Why not use the tightwad alternative... Foam pipe insulation. Available from home repair
warehouses, various types of foam pipe insulation is available in multi-yard lengths for
about one dollar per length. The insulation is made with a slit along the entire length and adhesive
strips are applied to each side of the cut. The general idea is to apply it around pipes
and stick the adhesive together. Instead, use the insulation to apply around the edge of
tables or sharp areas. Insulation for 1/2" pipe to 1" pipe insulation is
commonly available and will work nicely. The adhesive will attach to surfaces on top and
underneath the table, and by cutting a "V" notch into the insulation at each
corner, the foam will fit the entire circumference flawlessly. And you'll have saved a ton
of $$$ on worries!
|Slide & Negative Viewer
Turn your expandable extra leaf table into a slide and
negative viewer. Purchasing a light box for viewing slides and negatives is an
expensive hassle. Storing the contraption is head ache. Instead, I use a 3/8"

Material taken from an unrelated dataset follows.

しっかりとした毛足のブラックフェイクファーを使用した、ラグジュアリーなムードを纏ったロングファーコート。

Plexiglas sheet that I cut into the size of the extra table leaf. Underneath the
table, I place a converted incandescent to florescent table lamp and vola! I have the
perfect lighted table. I can cut photos directly on the Plexiglas and I can compose
my work on the rest of the table. I never purchased the Plexiglas either!

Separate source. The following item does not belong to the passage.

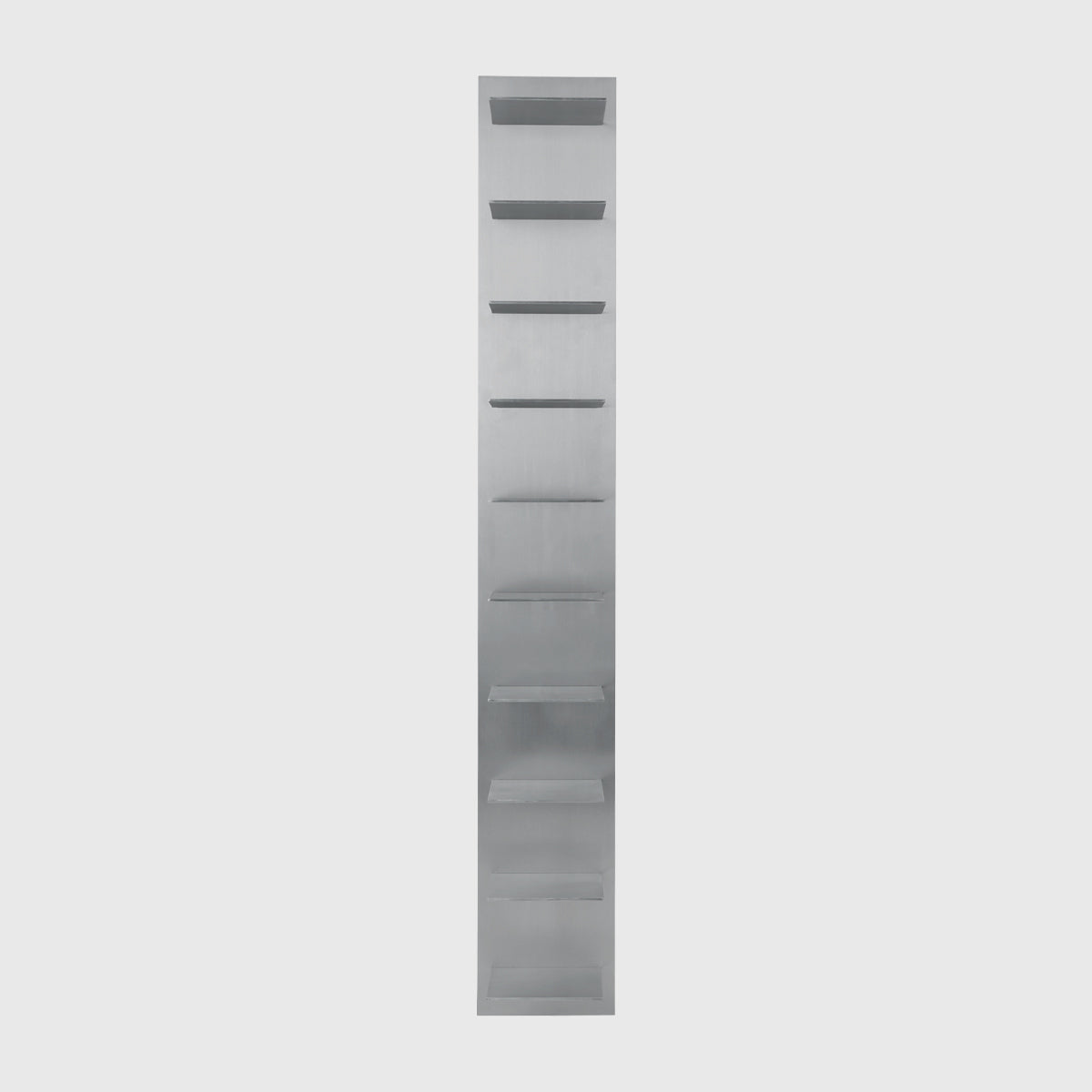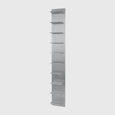 The Lager Wall Shelf in its tall vertical format offers a clean and considered approach to wall-mounted storage. Crafted from brushed aluminium with subtle industrial cues, it offers a sleek and elongated storage solution, perfect for books and other objects. The shelf can be easily stacked with other shelves to create a cohesive display.

Instead, I use old Plexiglas office chair-mats. I cut them to the correct size with
a radial saw and make neat edges by melting them slightly with a butane torch. I
use other Plexiglas pieces to cover and protect desk and counter tops.
|HOUSHOLD SAVINGS TIPS
|McGyver Cam-bat Flashlight
I have a Poloroid brand Sun-600 camera that works pretty good,
as far as instant photo cameras go. After you take about ten pictures, out comes the
used cartridge, ready for another pack of film. But did you know that each cartridge of
film comes with it's own built-in battery inside the instant film pack? Poloroid
recommends that you dispose of these used batteries in landfills specially designated for
toxic waste. They can not be disposed of in the trash! Probably only one percent of
the public knows that, so here's another earth-friendly use for those batteries:
Turn them into flashlights! These Poloroid Polarpulse batteries are found inside the
empty cartridge after the photos are used. Poloroid doesn't
recommend you even touch these batteries, so you do that at your own risk. If you're
willing, they always have extra juice even after their used. Put on a pair of
gloves and twist the plastic cartridge apart. Underneath the sharp sheet metal
spring is the flat Polarpulse battery. Throw the plastic junk away and get one large
and one small paper clip. gather your needle-nose plyers and get a six-volt mini bayonette
style light bulb. The battery is six-volts and works well with a HPR5 (6.5volt,
.7amp halogen) bayonett type bulb or a PR13 (4 or 5 "D" cell) bulb. This is the
type of bulb that might be in those old lantern battery lights. Get the right 6-volt bulb,
or it will burn out fast. Bend the large paper clip in half with one end around the
base of the bulb and slide
the other end under one of the exposed battery contacts so it stays firmly. Take the
small paper clip and bend it in half with one half under the other battery contact.
Take the other end of the clip and bend it in such a way that it rests with a little
pressure on the bottom bulb contact. Flash! Once you complete the circuit, the light
is bright. Remove the little paper clip to turn off the light. This battery works great as
a midnight book light. Slip the thin battery into a few chapters before your current page
and let your room-mate rest without light in their face.